**Task objective**
Transcribe the data exactly, pictures excluded.

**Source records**
____________________

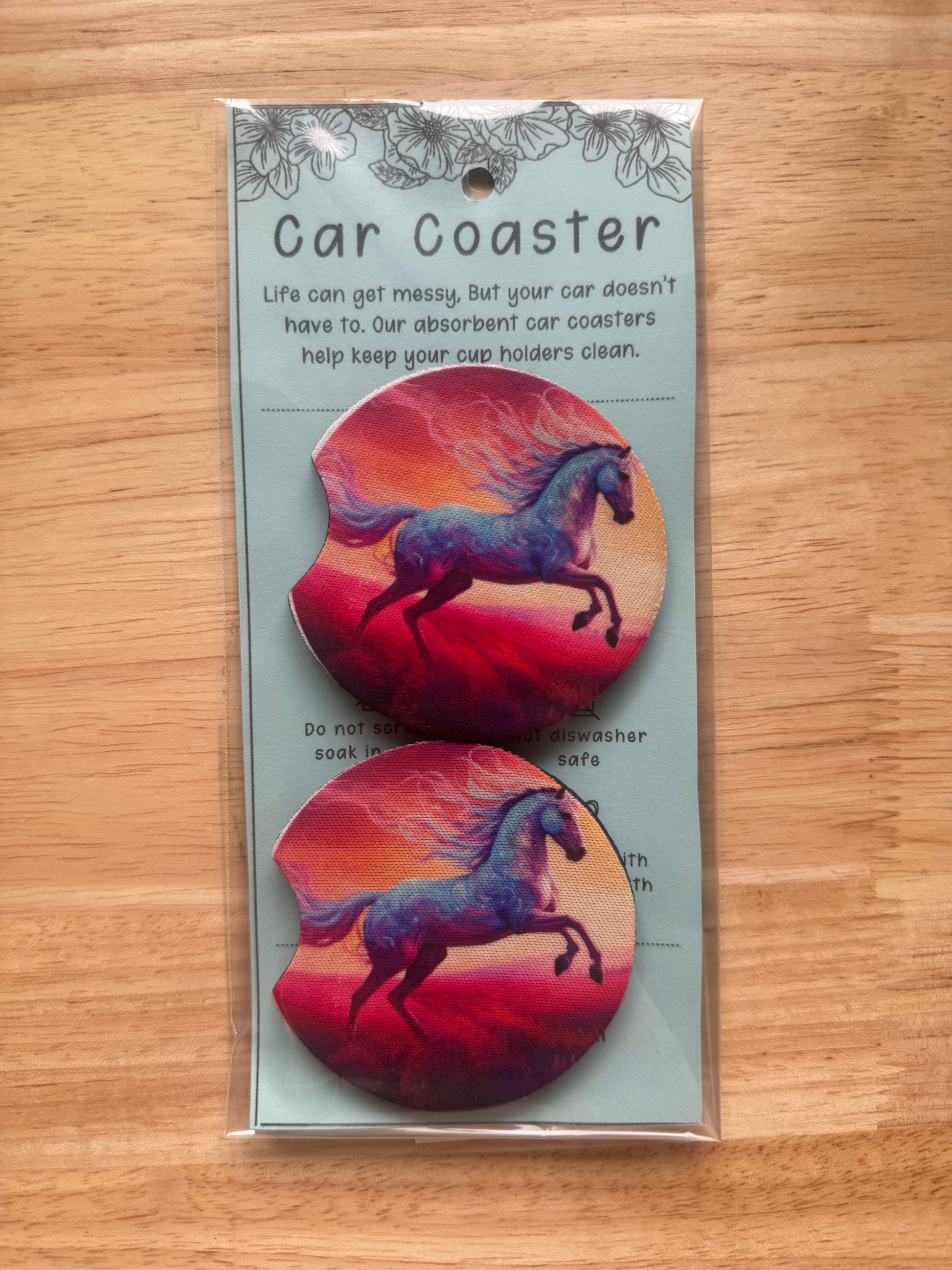 Car coasters are great! Absorbs moisture from condensation of your drinks so protects your car and look cute too!
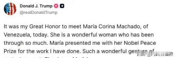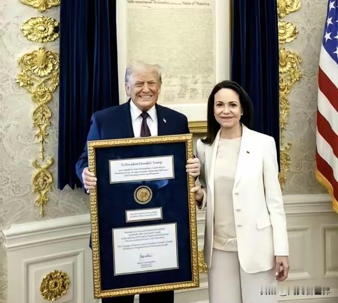 马查多向特朗普“颁发”诺贝尔和平奖奖章,特朗普欣然接受 当地时间15日,特朗普在白宫会见了委内瑞拉反对派领导人、2025年诺贝尔和平奖获得者马查多。会见开始时,马查多将她的诺贝尔和平奖奖章“赠予”了特朗普,而特朗普则欣然接受。 “赠予”显然没有“颁发”正规,所以,特朗普在社交媒体上发帖称:“她为我所做的工作,向我‘颁发’了这枚诺贝尔和平奖章。” 随后,两人开始互相“吹捧”。特朗普称:“能与玛丽亚·科里娜·马查多会面,对我而言是莫大的荣幸。她是一位坚毅的女性,历经了诸多磨难。” 而马查多则“回捧”道:特朗普是美国首任总统华盛顿的继承者。 毋庸讳言,这是一次“各取所需”的互动。因为,能够得到特朗普的支持,马查多距离执政委内瑞拉可以说是又近了一步。而特朗普也得到了他心心念念的这枚诺贝尔和平奖奖章。 据不完全统计,在过去的一年时间里,特朗普将诺贝尔和平奖念叨了九九八十一次。
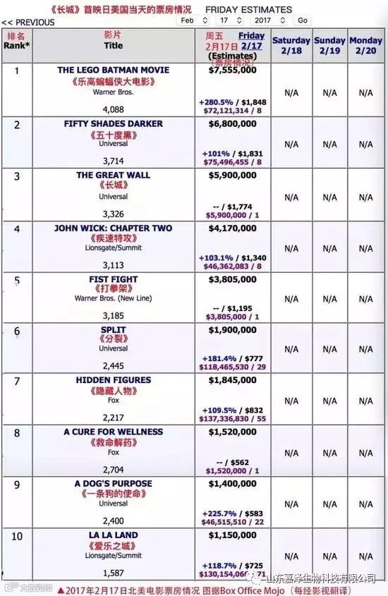 根据《好莱坞报道者》预测,《长城》将在为期四天的总统日假期里取得一千四百万到一千九百万美元的票房,落后于《乐高蝙蝠侠》2500万的预计票房和环球公司的情色大片《五十度黑》,但在新片中排名第一。
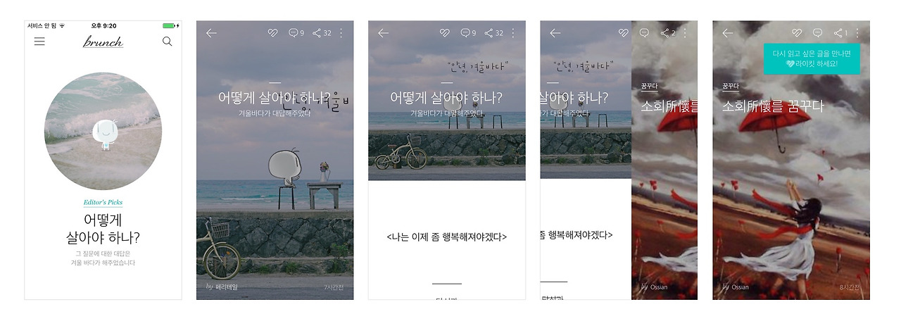 위아래로 스와이프를 하다가 맘에 드는 글을 발견한 후 그 글을 읽고 싶으면 한번 더 탭을 해야 한다. Depth가 하나 더 추가되는 것이다. 브런치 홈에 나타나는 화면은 일종의 글의 cover일 뿐 그 글을 바로 볼 수 있는 것은 아니다. 나는 처음에 이 브런치를 실행시켰을 때 맘에 드는 글의 제목을 발견하면 아래로 스와이프를 하면 바로 그 글을 읽을 수 있을 거라 기대했다.
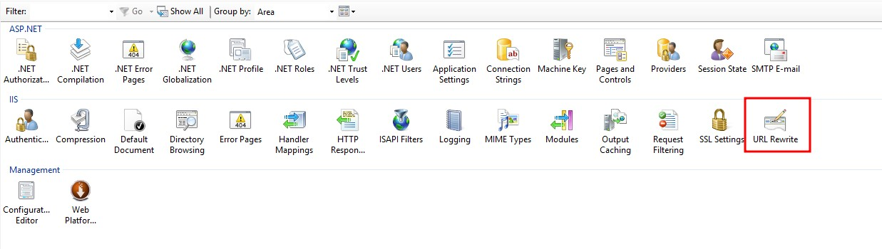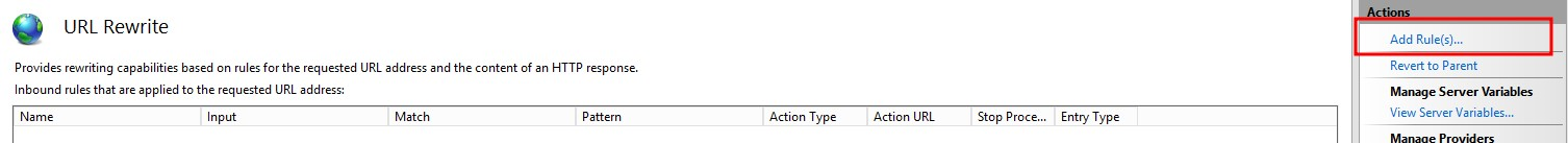 - En el administrador del IIS, haga doble clic en la opción "URL Rewrite" como se muestra en la siguiente imagen.
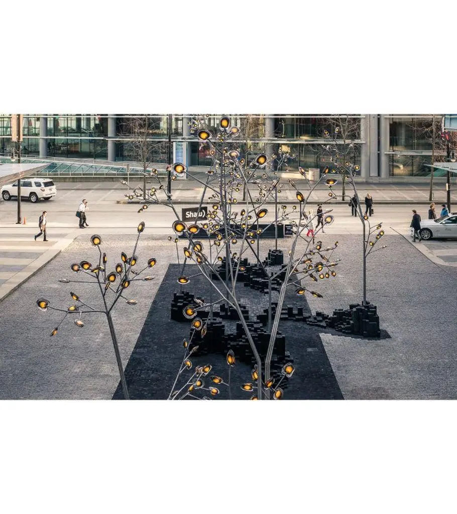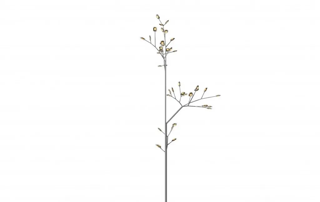 16.40 Birch trunk sculptural floor lamp by BocciDimensions: D 203.5 x W 293 x H 710 cm Materials: poured glass, electrical components, bead-blasted stainless steel armature components. Lamping: 1.5w LED (60w total draw). Nondimmable. Available in different finishes, colors, and sizes.All our lamps can be wired according to each country. If sold to the USA it will be wired for the USA for instance.The 16.40 is a tree-like 16 installation using forty pendants and a modularstainless steel armature system mounted to a seven tube stainless steel ‘birch’base. These trees are designed to be grouped into forest-like assemblies ofa variety of different sizes and types but are strong compositional elementson their own. Installation of these trees is complex and Bocci recommendsa structural consultant to assess the viability of the system in the contextin which it is to be installed. Installation requires anchoring into either anexisting structural slab or a newly built foundation to meet the specificationsof the design drawings, including appropriate drainage if exposed to water andremotely mounted LED drivers.16 is formed by sequentially pouring three separate layers of colored, moltenglass – in varying opacities – on a horizontal plane. Each layer responds to theindeterminate shape of the previous pour to create a uniquely layered whole.Two of these pieces are then attached and illuminated with an internal LEDlamp. The finished 16 is visually complex: each separate color layer is visiblethrough the other layers, with light-reflecting along the edges.All trees are rated for outdoor (or indoor) use based on structural analysis formoderately sheltered locations near seawater with minimal snow loads. Anyother application restraints may need further engineeringBocci is a design and manufacturing company based in Vancouver and Berlin. Founded in 2005 under the creative directorship of Omer Arbel, Bocci is committed to fostering a lateral and open-ended relationship between creative direction and craft. The company launched with one lighting design, ‘14’, which became an instant classic and remains a design staple and bestseller. Bocci’s growing portfolio of sculptural lighting is developed, engineered, and fabricated in-house, through an infrastructure calibrated to provide full control over technique, quality, and scale.In 2015, Bocci transformed a historic Berlin building into a showroom and archive. ‘Bocci 79’ inhabited a 2,200 m² / 23,600 sq ft former courthouse, constructed in 1896, and showcased over a decade of works by Omer Arbel, ranging from pieces in progress, prototypes, and ideas, to the complete range of catalog pieces developed for Bocci.Bocci 79 closed in June 2020 and we are currently working on our new, permanent Berlin showroom which will open soon.

____________________

**Task response**
 Car coasters are great! Absorbs moisture from condensation of your drinks so protects your car and look cute too!
 马查多向特朗普“颁发”诺贝尔和平奖奖章,特朗普欣然接受 当地时间15日,特朗普在白宫会见了委内瑞拉反对派领导人、2025年诺贝尔和平奖获得者马查多。会见开始时,马查多将她的诺贝尔和平奖奖章“赠予”了特朗普,而特朗普则欣然接受。 “赠予”显然没有“颁发”正规,所以,特朗普在社交媒体上发帖称:“她为我所做的工作,向我‘颁发’了这枚诺贝尔和平奖章。” 随后,两人开始互相“吹捧”。特朗普称:“能与玛丽亚·科里娜·马查多会面,对我而言是莫大的荣幸。她是一位坚毅的女性,历经了诸多磨难。” 而马查多则“回捧”道:特朗普是美国首任总统华盛顿的继承者。 毋庸讳言,这是一次“各取所需”的互动。因为,能够得到特朗普的支持,马查多距离执政委内瑞拉可以说是又近了一步。而特朗普也得到了他心心念念的这枚诺贝尔和平奖奖章。 据不完全统计,在过去的一年时间里,特朗普将诺贝尔和平奖念叨了九九八十一次。
 根据《好莱坞报道者》预测,《长城》将在为期四天的总统日假期里取得一千四百万到一千九百万美元的票房,落后于《乐高蝙蝠侠》2500万的预计票房和环球公司的情色大片《五十度黑》,但在新片中排名第一。
 위아래로 스와이프를 하다가 맘에 드는 글을 발견한 후 그 글을 읽고 싶으면 한번 더 탭을 해야 한다. Depth가 하나 더 추가되는 것이다. 브런치 홈에 나타나는 화면은 일종의 글의 cover일 뿐 그 글을 바로 볼 수 있는 것은 아니다. 나는 처음에 이 브런치를 실행시켰을 때 맘에 드는 글의 제목을 발견하면 아래로 스와이프를 하면 바로 그 글을 읽을 수 있을 거라 기대했다.
 - En el administrador del IIS, haga doble clic en la opción "URL Rewrite" como se muestra en la siguiente imagen.
 16.40 Birch trunk sculptural floor lamp by BocciDimensions: D 203.5 x W 293 x H 710 cm Materials: poured glass, electrical components, bead-blasted stainless steel armature components. Lamping: 1.5w LED (60w total draw). Nondimmable. Available in different finishes, colors, and sizes.All our lamps can be wired according to each country. If sold to the USA it will be wired for the USA for instance.The 16.40 is a tree-like 16 installation using forty pendants and a modularstainless steel armature system mounted to a seven tube stainless steel ‘birch’base. These trees are designed to be grouped into forest-like assemblies ofa variety of different sizes and types but are strong compositional elementson their own. Installation of these trees is complex and Bocci recommendsa structural consultant to assess the viability of the system in the contextin which it is to be installed. Installation requires anchoring into either anexisting structural slab or a newly built foundation to meet the specificationsof the design drawings, including appropriate drainage if exposed to water andremotely mounted LED drivers.16 is formed by sequentially pouring three separate layers of colored, moltenglass – in varying opacities – on a horizontal plane. Each layer responds to theindeterminate shape of the previous pour to create a uniquely layered whole.Two of these pieces are then attached and illuminated with an internal LEDlamp. The finished 16 is visually complex: each separate color layer is visiblethrough the other layers, with light-reflecting along the edges.All trees are rated for outdoor (or indoor) use based on structural analysis formoderately sheltered locations near seawater with minimal snow loads. Anyother application restraints may need further engineeringBocci is a design and manufacturing company based in Vancouver and Berlin. Founded in 2005 under the creative directorship of Omer Arbel, Bocci is committed to fostering a lateral and open-ended relationship between creative direction and craft. The company launched with one lighting design, ‘14’, which became an instant classic and remains a design staple and bestseller. Bocci’s growing portfolio of sculptural lighting is developed, engineered, and fabricated in-house, through an infrastructure calibrated to provide full control over technique, quality, and scale.In 2015, Bocci transformed a historic Berlin building into a showroom and archive. ‘Bocci 79’ inhabited a 2,200 m² / 23,600 sq ft former courthouse, constructed in 1896, and showcased over a decade of works by Omer Arbel, ranging from pieces in progress, prototypes, and ideas, to the complete range of catalog pieces developed for Bocci.Bocci 79 closed in June 2020 and we are currently working on our new, permanent Berlin showroom which will open soon.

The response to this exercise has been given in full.